* _What you need to do_
Find the line with "注意点:2014届本科毕业生" and the line with "MA900提供两种供电电压,3V至3.6" in the entries below; output exactly those two lines, every line between them, and no others.

* _Data provided_

════════════════════

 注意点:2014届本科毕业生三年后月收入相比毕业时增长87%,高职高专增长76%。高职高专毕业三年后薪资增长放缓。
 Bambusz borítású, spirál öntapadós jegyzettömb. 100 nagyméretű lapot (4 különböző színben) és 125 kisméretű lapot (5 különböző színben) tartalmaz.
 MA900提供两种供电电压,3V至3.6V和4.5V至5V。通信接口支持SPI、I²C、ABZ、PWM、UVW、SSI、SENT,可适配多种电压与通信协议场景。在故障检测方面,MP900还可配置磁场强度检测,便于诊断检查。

════════════════════

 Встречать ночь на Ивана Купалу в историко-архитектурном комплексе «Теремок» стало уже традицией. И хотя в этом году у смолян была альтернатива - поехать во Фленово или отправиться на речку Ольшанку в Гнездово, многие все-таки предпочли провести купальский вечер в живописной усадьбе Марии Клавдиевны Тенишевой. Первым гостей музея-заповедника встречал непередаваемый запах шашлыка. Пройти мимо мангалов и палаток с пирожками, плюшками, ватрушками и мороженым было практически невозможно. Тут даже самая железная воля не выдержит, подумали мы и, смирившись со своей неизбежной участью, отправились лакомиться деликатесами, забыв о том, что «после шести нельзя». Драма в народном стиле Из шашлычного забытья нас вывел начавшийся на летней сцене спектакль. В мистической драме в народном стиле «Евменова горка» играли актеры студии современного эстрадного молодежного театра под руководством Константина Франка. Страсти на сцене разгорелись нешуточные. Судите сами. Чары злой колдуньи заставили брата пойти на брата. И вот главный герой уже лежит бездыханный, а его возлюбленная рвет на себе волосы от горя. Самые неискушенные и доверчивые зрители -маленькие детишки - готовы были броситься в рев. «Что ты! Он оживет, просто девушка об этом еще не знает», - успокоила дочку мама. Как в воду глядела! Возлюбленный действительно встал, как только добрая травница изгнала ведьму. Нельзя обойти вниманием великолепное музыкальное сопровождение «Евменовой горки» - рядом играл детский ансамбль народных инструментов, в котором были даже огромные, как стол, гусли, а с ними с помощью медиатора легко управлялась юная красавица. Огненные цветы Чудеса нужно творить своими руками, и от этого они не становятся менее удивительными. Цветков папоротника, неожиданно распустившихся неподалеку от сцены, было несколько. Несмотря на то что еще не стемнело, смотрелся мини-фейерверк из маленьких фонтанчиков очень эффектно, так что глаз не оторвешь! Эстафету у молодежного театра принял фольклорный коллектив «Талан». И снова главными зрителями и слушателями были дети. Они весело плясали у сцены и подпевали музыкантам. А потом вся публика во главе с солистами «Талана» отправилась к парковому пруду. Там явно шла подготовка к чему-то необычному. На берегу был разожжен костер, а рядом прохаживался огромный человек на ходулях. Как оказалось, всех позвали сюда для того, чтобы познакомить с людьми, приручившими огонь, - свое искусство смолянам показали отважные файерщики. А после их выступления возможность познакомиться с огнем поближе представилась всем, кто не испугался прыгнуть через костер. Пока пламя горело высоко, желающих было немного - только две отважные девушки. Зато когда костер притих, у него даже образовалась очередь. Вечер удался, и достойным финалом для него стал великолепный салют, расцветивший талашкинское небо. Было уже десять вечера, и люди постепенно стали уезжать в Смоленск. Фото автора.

════════════════════

* _The completed task_
 注意点:2014届本科毕业生三年后月收入相比毕业时增长87%,高职高专增长76%。高职高专毕业三年后薪资增长放缓。
 Bambusz borítású, spirál öntapadós jegyzettömb. 100 nagyméretű lapot (4 különböző színben) és 125 kisméretű lapot (5 különböző színben) tartalmaz.
 MA900提供两种供电电压,3V至3.6V和4.5V至5V。通信接口支持SPI、I²C、ABZ、PWM、UVW、SSI、SENT,可适配多种电压与通信协议场景。在故障检测方面,MP900还可配置磁场强度检测,便于诊断检查。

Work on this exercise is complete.